Severe acute respiratory syndrome coronavirus 2 (SARS-CoV-2) is a betacoronavirus that causes coronavirus disease (COVID-19), a respiratory infection with systemic involvement and an estimated 1% death rate (1). COVID-19 was first documented in Wuhan, China (2), at the end of 2019. The outbreak quickly transformed into a pandemic. Countries have tried to manage the pandemic by implementing different strategic interventions with varying levels of success (3). Experts agree that diagnostic tests, and the subsequent interventions they generate, are essential to controlling SARS-CoV-2 transmission.

Reverse transcription PCR (RT-PCR) relies on RNA sequencing rather than viral proteins, enabling researchers to develop assays shortly after the viral sequence is identified. Because of this advantage, RT-PCR quickly became a common testing method for COVID-19 (4).

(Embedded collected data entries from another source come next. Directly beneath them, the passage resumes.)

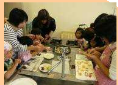
楽しく作った絵本のクッキー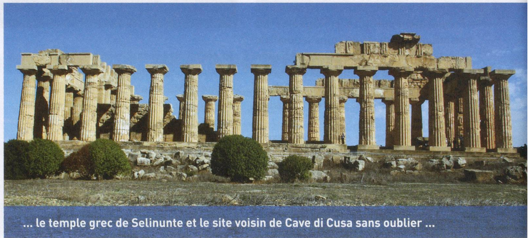
... le temple grec de Selinunte et le site voisin de Cave di Cusa sans oublier ...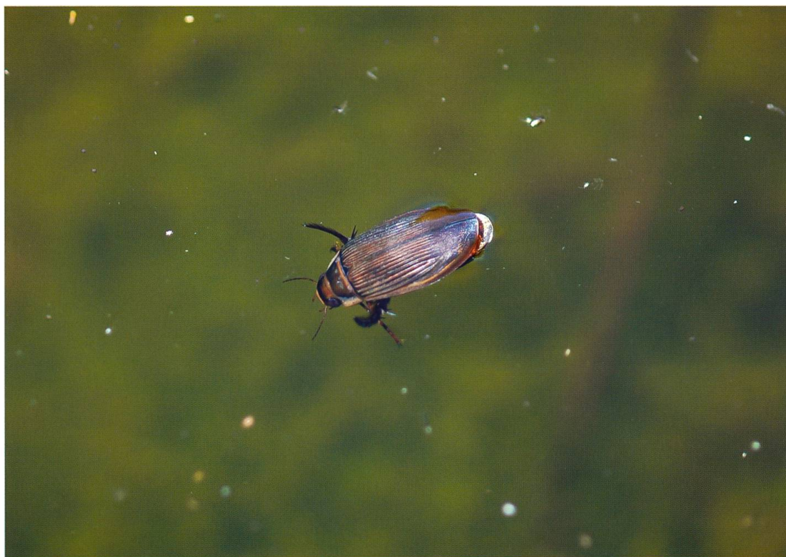
Fig. 5. Dytiscus marginalis , Robenhuserriet, Wetzikon, 24.5 et 26.7.2007. En raison de leurs déplacements fréquents vers la surface de l'eau pour respirer, les larves et les imagos des coléoptères aquatiques sont relativement vulnérables envers les prédateurs, comme les poissons.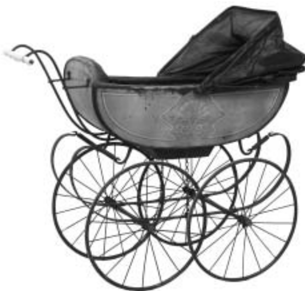
Cochecito de bebé de finales del siglo XIX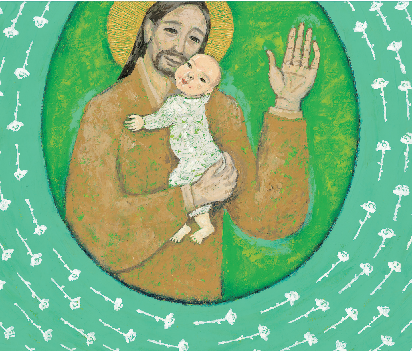
그림 : 정미연 소화데레사

2018년 교구장 사목교서 - “여러분 자신이 변화되게 하십시오.”(로마2,2)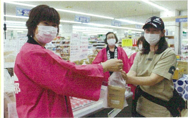
女性部三役はAコープコア店で市民支援活動を実施。新型コロナウイルス感染症による自粛で疲弊している市民に、米と牛乳をプレゼントした。女性部による市民支援活動はこれで 3 回目となる。(6/12)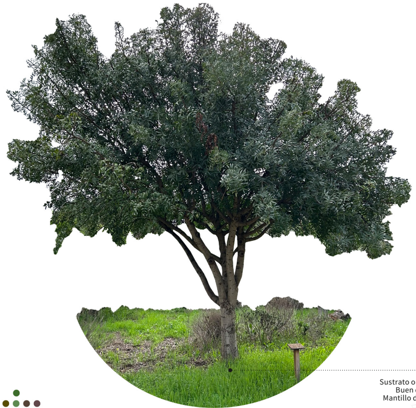
Sustrato orgánico Buen drenaje Mantillo de hojas

Árbol que, por lo general, ronda una altura de entre 5 y 7 metros, pero que en ocasiones puede llegar a alcanzar los 12 metros. Se trata de una de las pocas especies arbóreas caducifolias presentes de manera natural en el archipiélago canario.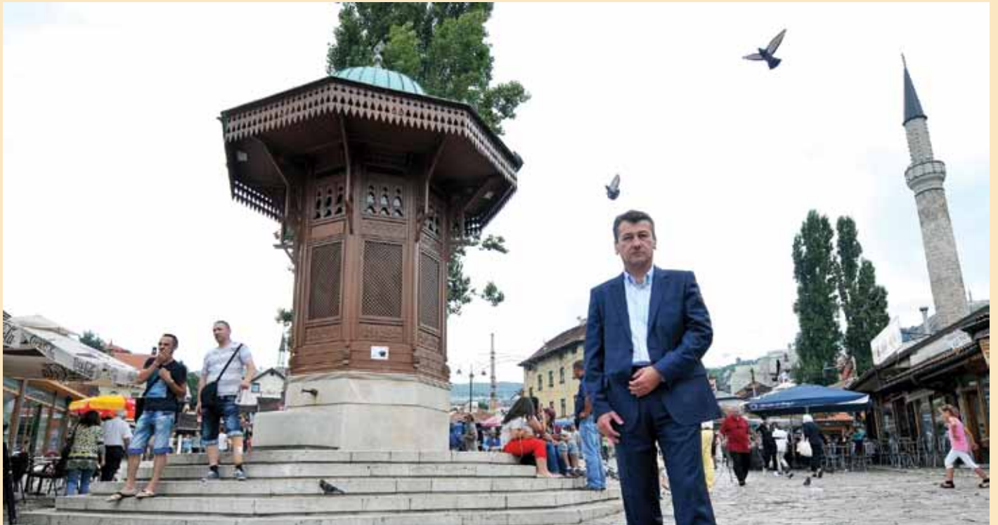
Bašćaršijski trg da kraja ove godine dobit će novo ruho

Radovi počinju u oktobru i insistirat ću da budu završeni za 120 dana... Koliko čovjek osjeća svoju općinu toliko će se unijeti u rješavanje problema... Stari Grad teče kroz moje vene i ja jednostavno ne znam drugačije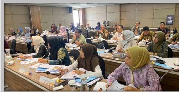
Pelaksanaan Kegiatan Ujian Sertifikasi Pengadaan Barang dan Jasa Pemerintah Level 1 31 Juli – 1 Agustus 2025 di Hotel Emilia, Palembang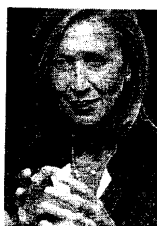
Rosa Díez.

Díez expuso que la orden que dio el Ejecutivo de Zapatero «es legítima», pero como militante socialista desde hace más de treinta años tengo una opinión política crítica con la prisión atenuada para De Juana porque significa que podrá terminar de cumplir su condena en su ca-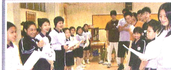
香港南區扶輪社主辦的英語對話小組，讓來自德瑞國際學校的扶輪少年服務團，教導鴨脷洲街坊會學校學生學習英語。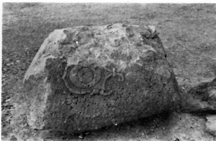
Ulomak stupa s grbom kneza Marina Barbara

However, the urgent global scale-up of nucleic acid amplification testing, including PCR, exposed supply chain vulnerabilities, such as shortages of swabs and reagents. Diagnostic tests remain unaffordable in many developing countries, limiting national containment strategies.

Serologic assays for viral infections can contribute to vaccine development, diagnostic deployment, and prescription of new therapeutics. They might also offer insight into pathophysiological aspects of COVID-19. We used ELISA (Mologic Ltd., https://mologic.co.uk) for COVID-19 to characterize the serologic response in SARS-CoV-2 infection. These tests were designed for affordability and accuracy, enabling access and manufacture in low- and middle-income countries. We used these tests on serum samples from persons with confirmed SARS-CoV-2 infection in London, UK, to identify demographic and clinical variables that might influence antibody responses.

Methods

Ethics

Development of the SARS-CoV-2 IgG ELISA is available elsewhere (E.R. Adams, unpub. data, https://www.medrxiv.org/content/10.1101/2020.04.29.20082099v1). We analyzed antibody dynamics using anonymized excess diagnostic material from patients with PCR-confirmed SARS-CoV-2 infection. The study was sponsored by St. George’s Hospital National Health Services Foundation Trust (London) and has Institutional Review Board ethics approval (Development and Assessment of Rapid Testing for SARS-CoV-2 outbreak study; Integrated Research Application System project ID: 282104; Research Ethics Committee reference: 20/SC/0171). The trial is registered at ClinicalTrials.gov under NCT04351646.

Reference RT-PCR

Staff at St. George’s Hospital used Sigma Virocult (MWE, https://www.mwe.co.uk) to collect nose and throat swab samples from patients with SARS-CoV-2 infection; we prepared the samples with RNA extraction kits (Roche Molecular Systems Inc., https://www.lifescience.roche.com). We confirmed infection with the RealStar SARS-CoV-2 RT-PCR Kit selective for the S and E genes (Altona Diagnostics GmbH, https://www.altona-diagnostics.com) or cobas SARS-CoV-2 Test selective for the E gene and open reading frames 1ab (Roche Molecular Systems, Inc.).

Clinical Samples

South West London Pathology (London) provides microbial diagnostic testing for the region, including St. George’s Hospital, a tertiary teaching hospital. We obtained excess diagnostic material from South West London Pathology in the form of serum samples from patients with RT-PCR confirmed SARS-CoV-2 infection. The serum samples were anonymized and stored at 4°C for <2 weeks. Patients were sampled longitudinally to assess antibody dynamics; the data comprised >30 samples per day. If samples became unavailable from 1 patient (i.e., the patient was discharged or died), we added a new patient to the cohort. Excess diagnostic material was collected from 177 persons during March 29–May 22, 2020. The study population consisted of 9.9% (177/1,785) of persons (patients and staff) who tested positive for SARS-CoV-2 infection at South West London Pathology during this period.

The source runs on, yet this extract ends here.